Kalau itu terjadi, yang dicemaskan bukan saja kekuasaan demokratis dibajak oleh segelintir orang, melainkan adanya “pemerintah” di dalam pemerintah. Dalam artian, secara formal presiden adalah kepala pemerintahan dan kepala negara, tetapi faktanya ia cuma pion di papan catur kartel politik.

Sebab, dalam politik kartel, arah politik ditentukan oleh tangan – tangan siluman dibalik layar. Di permukaan, kita terkadang bingung dengan presiden dalam sistem presidensialisme yang ragu memaksimalkan hak preogratifnya. Padahal, di balik layar, hak preogratifnya menjadi relatif apabila berhadapan dengan struktur kepentingan kartel.
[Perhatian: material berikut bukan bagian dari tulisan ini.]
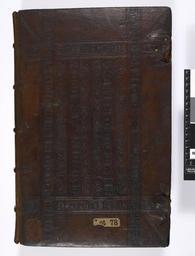 Keywords: 41258. "HENR-ICUS- DE BRACTONE" (16th cent. title), De Legibus et Consuetudinibus Angliae. -Manuscript on parchment Circ. A.D. 1300. -- - Upper cover (Add Ms 41258).jpg Style Panel design; Caption Upper cover; Colour Brown; Edge Unspecified exhibition history Decorative Technique Tooled in blind; Cover Material Calf Binding of bevelled oak boards covered with brown leather 16th cent Intersecting vertical and horizontal blind rolls form a large central panel rectangular in shape filled with impressions of the same roll cup etc in the Renaissance manner alternating with another object history Text 14c; England; Unspecified object type Cc-zero place of creation Binding England place of discovery See Oldham English Blind Stamped Bindings rolls HEd 1 and another roll not yet identified British Library image http //www bl uk/catalogues/bookbindings/LargeImage aspx RecordId 020-000016353 ImageId ImageId 55718 Copyright BL 41258 HENRICUS DE BRACTONE 16th cent title De Legibus et Consuetudinibus Angliae Manuscript on parchment Circ A D 1300 Uploaded with GWToolset 41258 HENRICUS DE BRACTONE 16th cent title De Legibus et Consuetudinibus Angliae Manuscript on parchment Circ A D 1300 - Upper cover Add Ms 41258 http //www webarchive org uk/bldatasets/bindings/Add41528 jpg Bookbinding 16th-century bookbinding British Library Bookbindings |

Analisis psikologi politik tentang pemimpin peragu menjadi tidak relevan dalam kondisi politik seperti ini karena sikap politik ternyata tidak selamanya dipahami dengan pendekatan behavioral dalam ilmu politik. Akan tetapi, perlu dilihat dari perspektif bosisme terselubung (Sidel, 1999) bahwa kenyataan demokrasi yang das sollen berlandaskan pada kehendak umum berubah menjadi oligarki terselubung yang berlandaskan kehendak parsial.